> [RECORDED INFORMATION]
== == ==

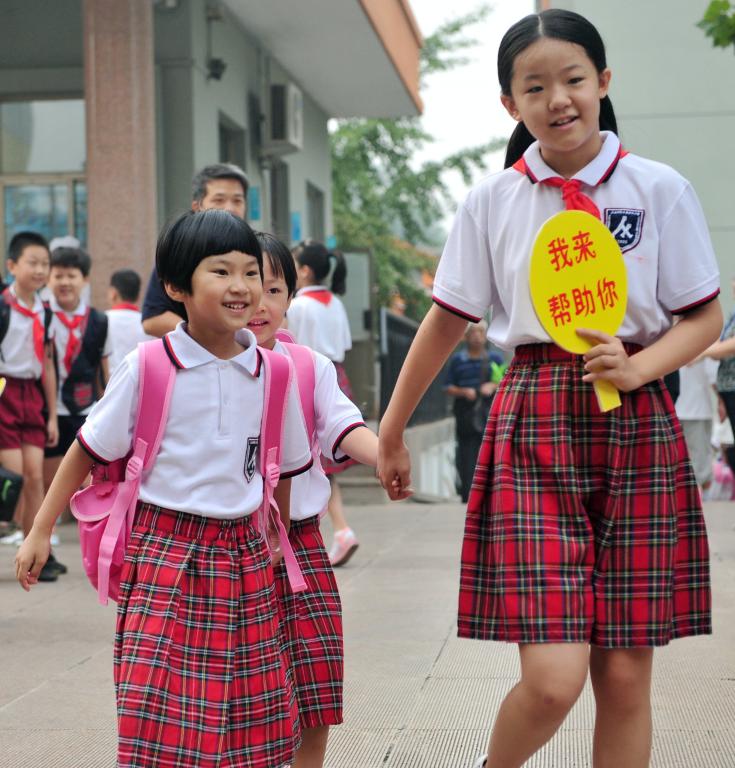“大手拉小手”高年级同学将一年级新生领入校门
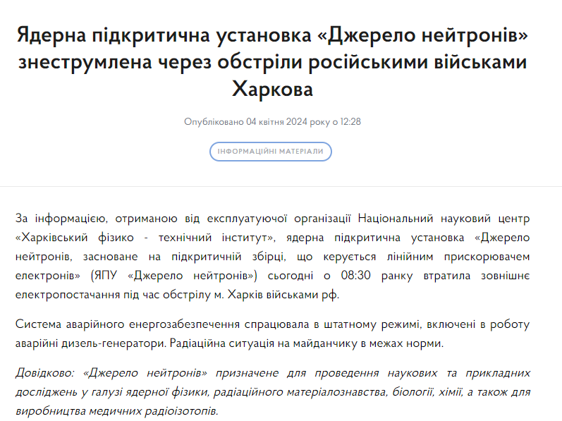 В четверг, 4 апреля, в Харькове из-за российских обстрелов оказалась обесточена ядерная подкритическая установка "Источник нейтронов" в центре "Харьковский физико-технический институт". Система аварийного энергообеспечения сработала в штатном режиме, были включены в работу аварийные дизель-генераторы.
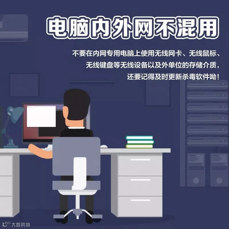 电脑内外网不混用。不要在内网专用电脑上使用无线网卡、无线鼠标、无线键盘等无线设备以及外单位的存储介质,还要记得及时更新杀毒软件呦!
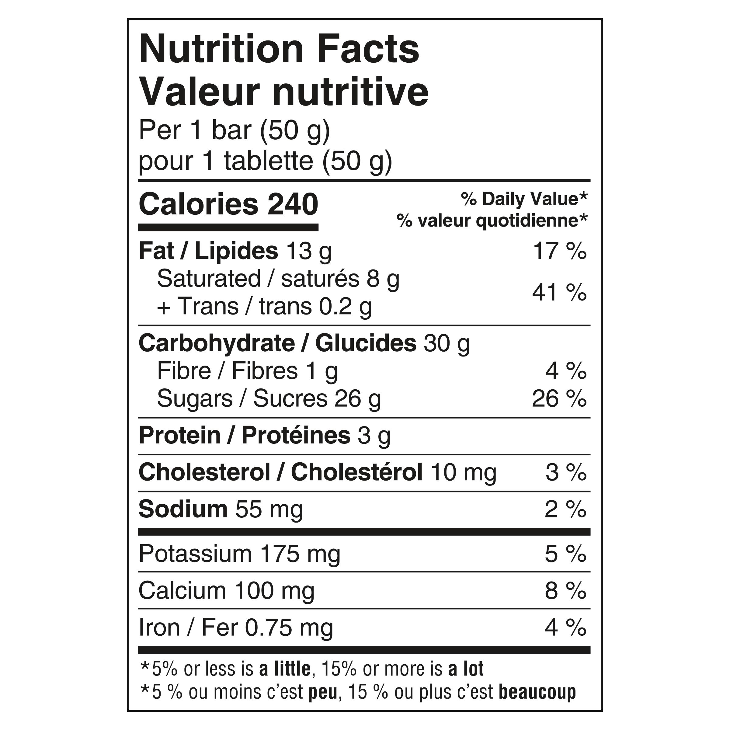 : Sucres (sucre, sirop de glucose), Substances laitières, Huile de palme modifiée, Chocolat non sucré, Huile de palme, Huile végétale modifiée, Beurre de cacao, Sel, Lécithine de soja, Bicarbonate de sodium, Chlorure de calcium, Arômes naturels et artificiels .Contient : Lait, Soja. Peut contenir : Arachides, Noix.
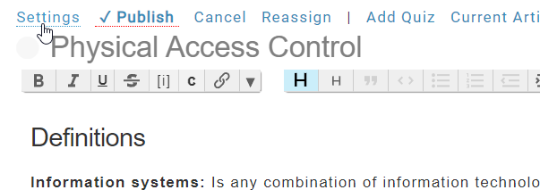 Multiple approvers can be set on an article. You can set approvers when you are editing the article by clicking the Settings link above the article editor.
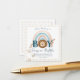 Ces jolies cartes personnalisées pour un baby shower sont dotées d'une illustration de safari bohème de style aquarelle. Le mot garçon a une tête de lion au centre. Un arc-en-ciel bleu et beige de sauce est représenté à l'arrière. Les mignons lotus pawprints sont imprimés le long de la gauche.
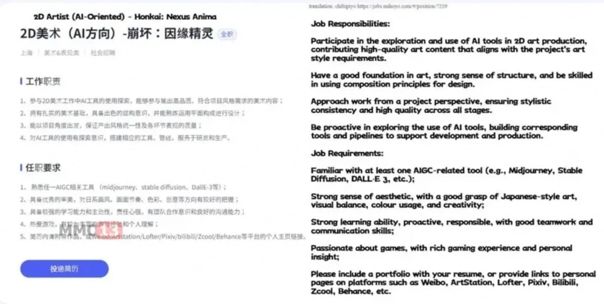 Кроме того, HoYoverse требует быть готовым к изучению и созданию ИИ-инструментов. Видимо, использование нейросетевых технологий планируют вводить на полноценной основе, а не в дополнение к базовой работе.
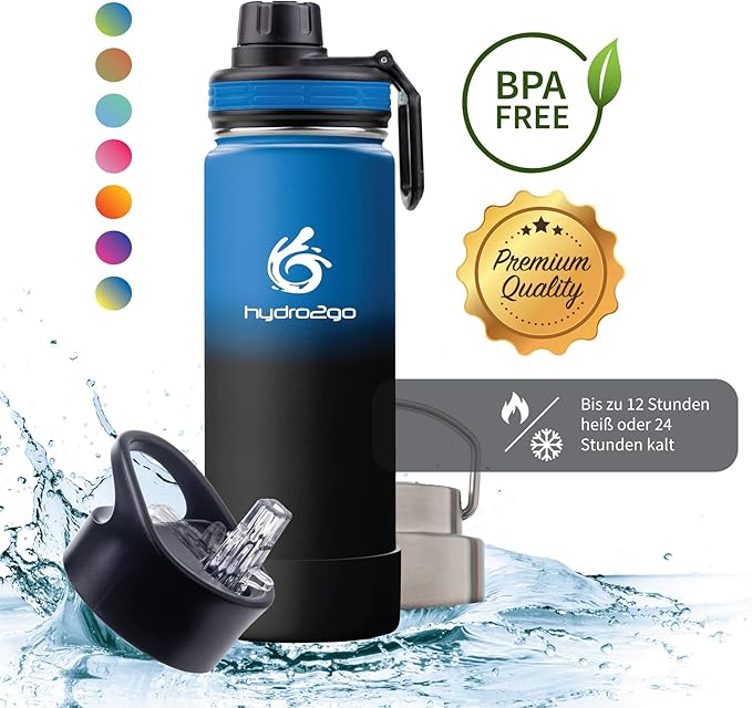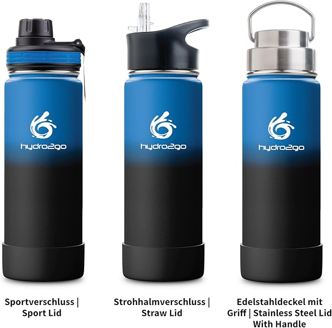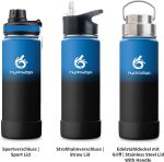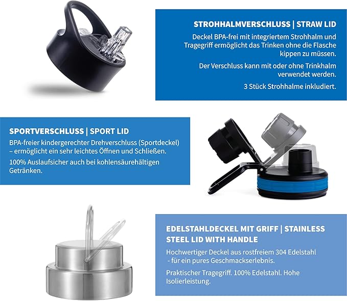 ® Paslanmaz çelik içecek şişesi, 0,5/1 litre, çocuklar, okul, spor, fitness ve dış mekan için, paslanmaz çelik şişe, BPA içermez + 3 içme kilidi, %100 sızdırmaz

== == ==

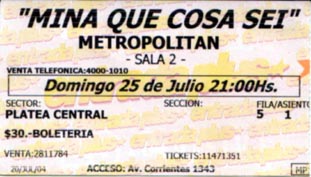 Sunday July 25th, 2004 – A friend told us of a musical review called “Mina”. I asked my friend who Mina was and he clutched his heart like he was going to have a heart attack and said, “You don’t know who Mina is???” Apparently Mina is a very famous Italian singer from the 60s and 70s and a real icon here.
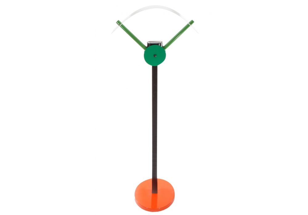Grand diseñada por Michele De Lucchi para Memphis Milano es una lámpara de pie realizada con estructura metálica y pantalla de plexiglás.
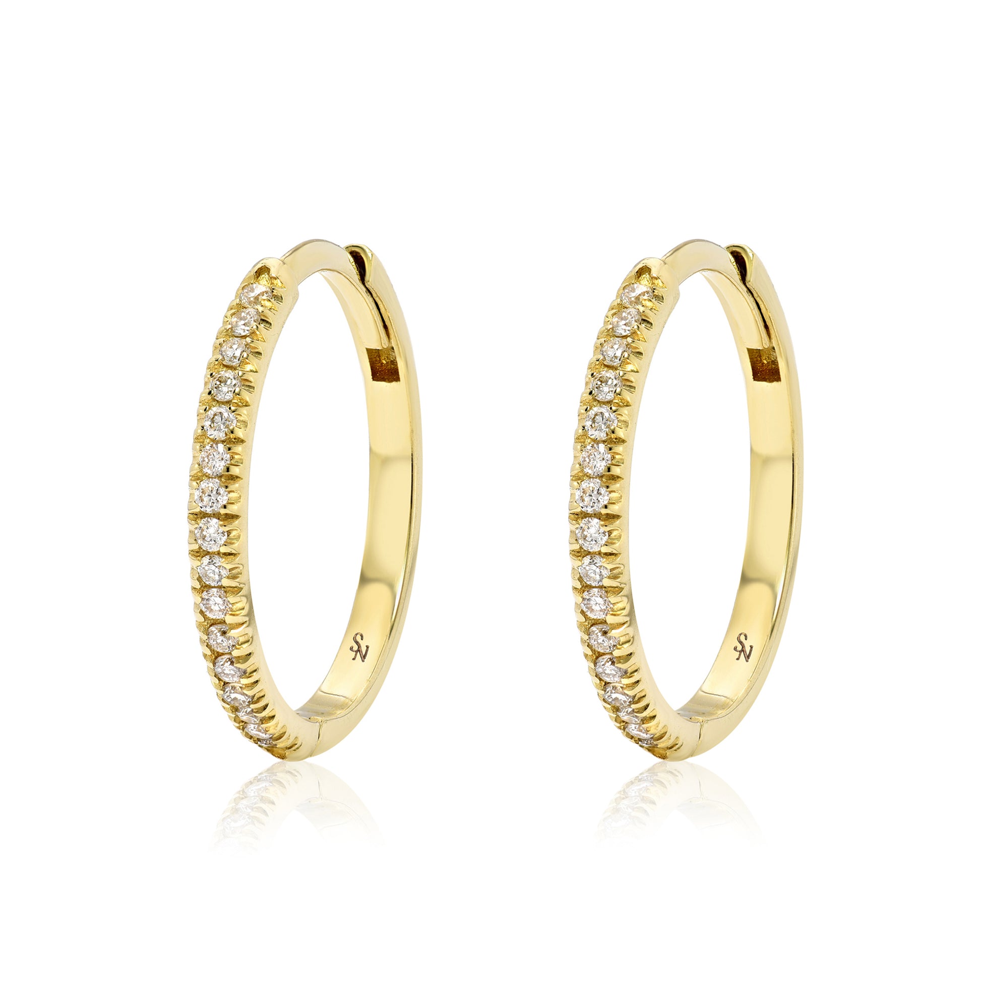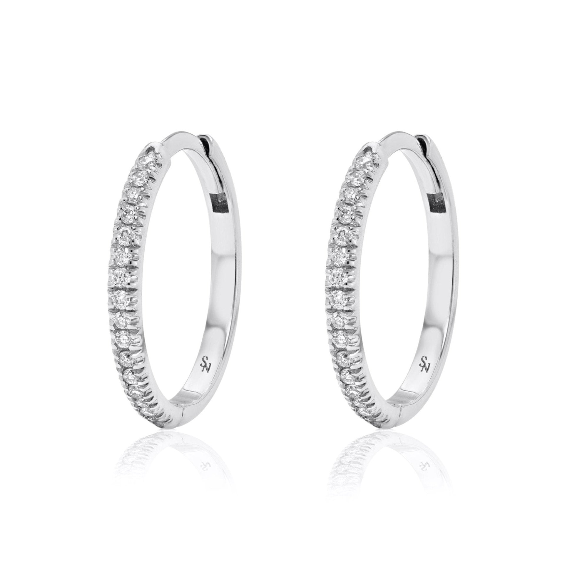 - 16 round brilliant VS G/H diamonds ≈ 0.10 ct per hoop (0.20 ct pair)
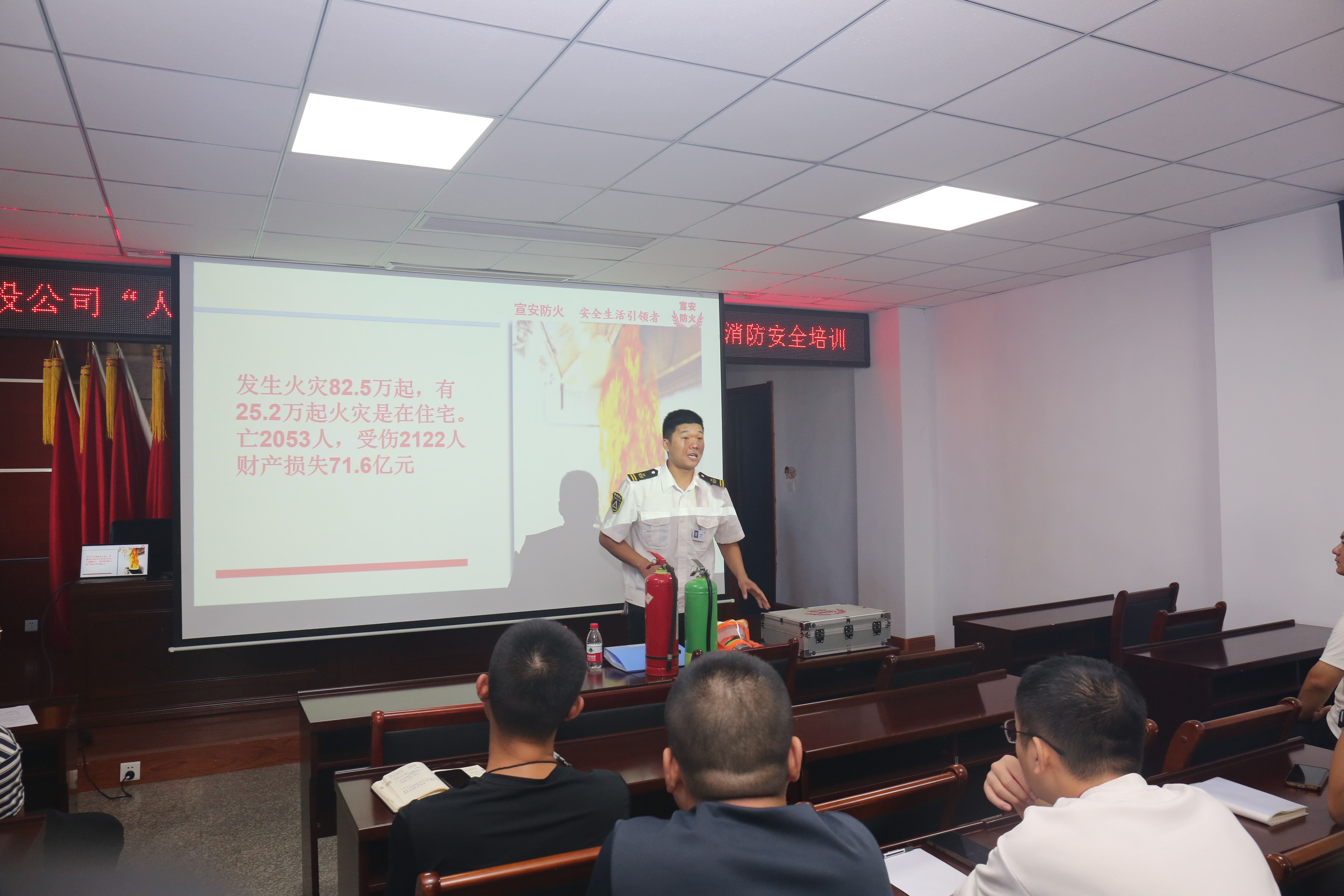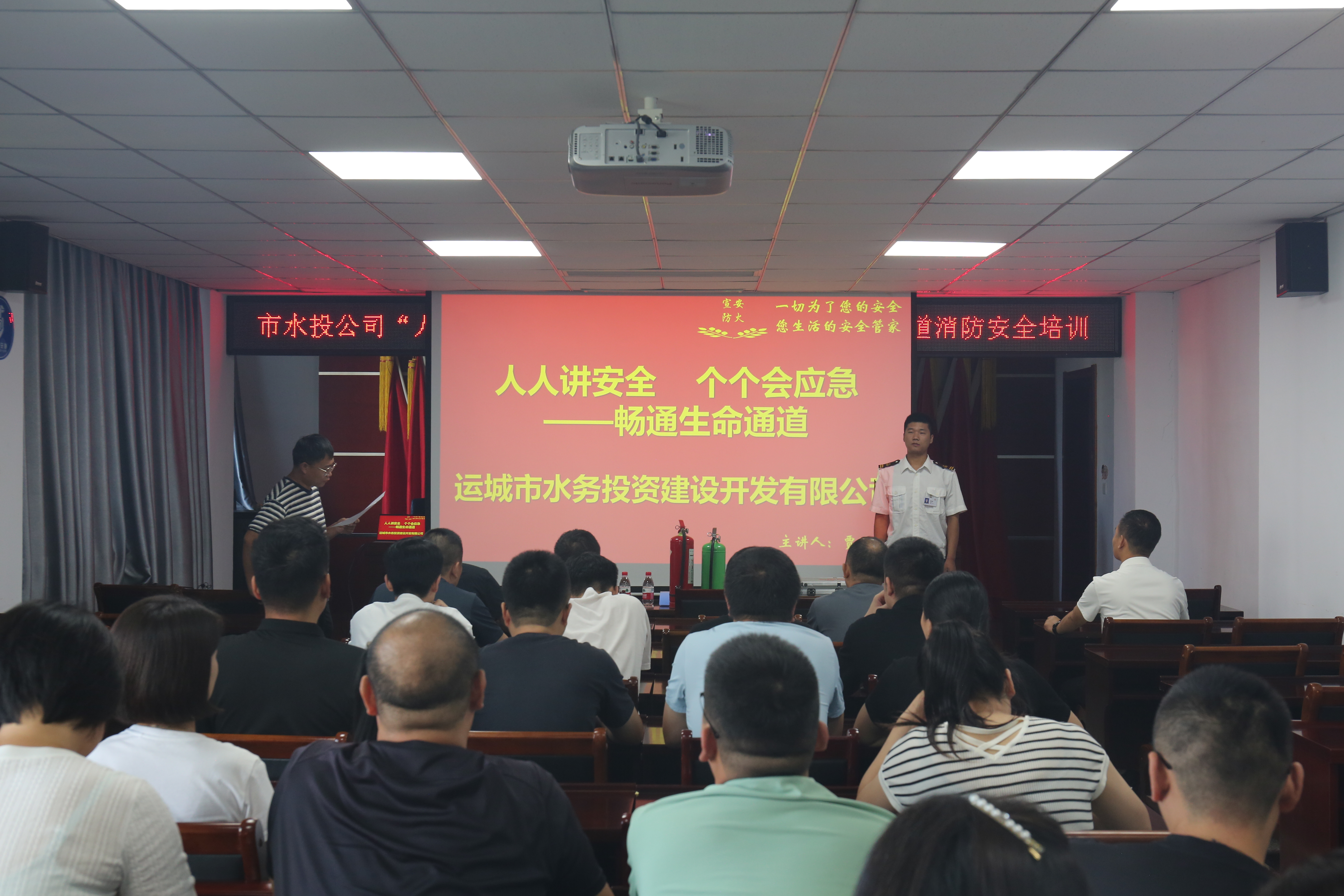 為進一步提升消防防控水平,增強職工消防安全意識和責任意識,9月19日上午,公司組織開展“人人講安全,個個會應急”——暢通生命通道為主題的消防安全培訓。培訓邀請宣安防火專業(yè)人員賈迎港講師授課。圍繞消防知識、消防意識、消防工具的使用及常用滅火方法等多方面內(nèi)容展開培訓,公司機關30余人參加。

== == ==

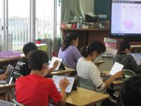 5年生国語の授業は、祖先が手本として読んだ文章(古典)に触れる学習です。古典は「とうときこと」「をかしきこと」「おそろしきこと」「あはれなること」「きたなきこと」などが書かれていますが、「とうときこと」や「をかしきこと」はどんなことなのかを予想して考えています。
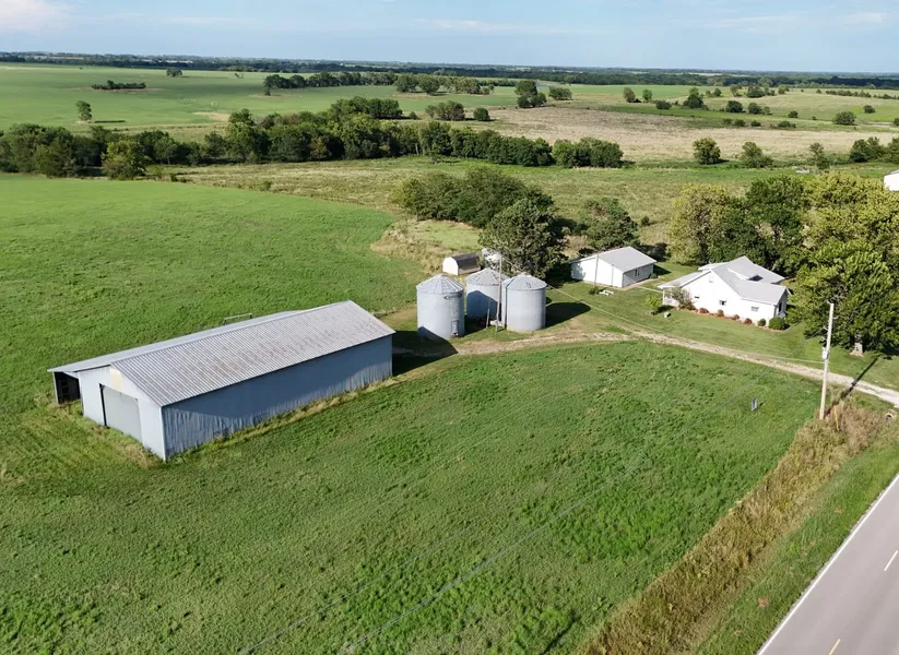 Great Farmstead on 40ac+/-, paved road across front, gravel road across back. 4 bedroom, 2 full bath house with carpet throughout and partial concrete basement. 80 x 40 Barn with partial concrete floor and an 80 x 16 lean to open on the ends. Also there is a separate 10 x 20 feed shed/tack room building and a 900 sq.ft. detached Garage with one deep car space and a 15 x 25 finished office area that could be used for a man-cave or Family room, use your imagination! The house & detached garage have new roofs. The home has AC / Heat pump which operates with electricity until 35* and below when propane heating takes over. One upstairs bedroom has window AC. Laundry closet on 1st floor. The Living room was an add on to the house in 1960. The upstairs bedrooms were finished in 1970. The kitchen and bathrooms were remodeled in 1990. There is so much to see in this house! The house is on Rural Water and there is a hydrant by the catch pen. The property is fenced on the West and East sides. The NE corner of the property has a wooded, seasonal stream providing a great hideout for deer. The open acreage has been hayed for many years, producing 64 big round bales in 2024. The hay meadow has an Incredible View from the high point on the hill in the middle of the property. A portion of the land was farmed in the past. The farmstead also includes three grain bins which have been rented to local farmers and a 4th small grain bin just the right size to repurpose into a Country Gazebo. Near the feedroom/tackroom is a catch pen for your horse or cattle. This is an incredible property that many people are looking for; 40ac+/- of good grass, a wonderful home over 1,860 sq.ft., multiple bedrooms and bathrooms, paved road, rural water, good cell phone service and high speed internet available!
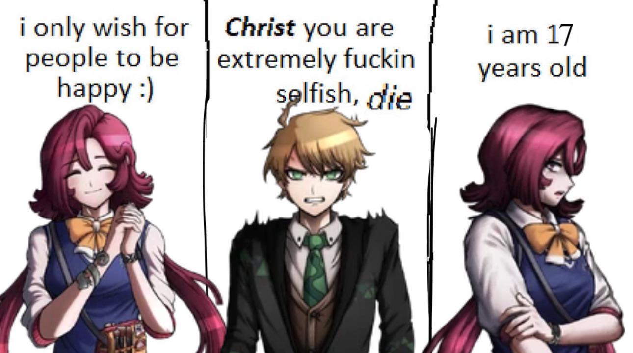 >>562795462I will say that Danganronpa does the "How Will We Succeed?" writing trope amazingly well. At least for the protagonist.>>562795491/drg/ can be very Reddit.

== == ==

> [PROBLEM TO WORK ON]
Only one part of the material above is wanted: the lines from the one with "Ces jolies cartes" up to and including the one with "kilidi, %100 sızdırmaz". Please copy them exactly, pictures left out.

> [YOUR RESPONSE]
 Ces jolies cartes personnalisées pour un baby shower sont dotées d'une illustration de safari bohème de style aquarelle. Le mot garçon a une tête de lion au centre. Un arc-en-ciel bleu et beige de sauce est représenté à l'arrière. Les mignons lotus pawprints sont imprimés le long de la gauche.
 Кроме того, HoYoverse требует быть готовым к изучению и созданию ИИ-инструментов. Видимо, использование нейросетевых технологий планируют вводить на полноценной основе, а не в дополнение к базовой работе.
 ® Paslanmaz çelik içecek şişesi, 0,5/1 litre, çocuklar, okul, spor, fitness ve dış mekan için, paslanmaz çelik şişe, BPA içermez + 3 içme kilidi, %100 sızdırmaz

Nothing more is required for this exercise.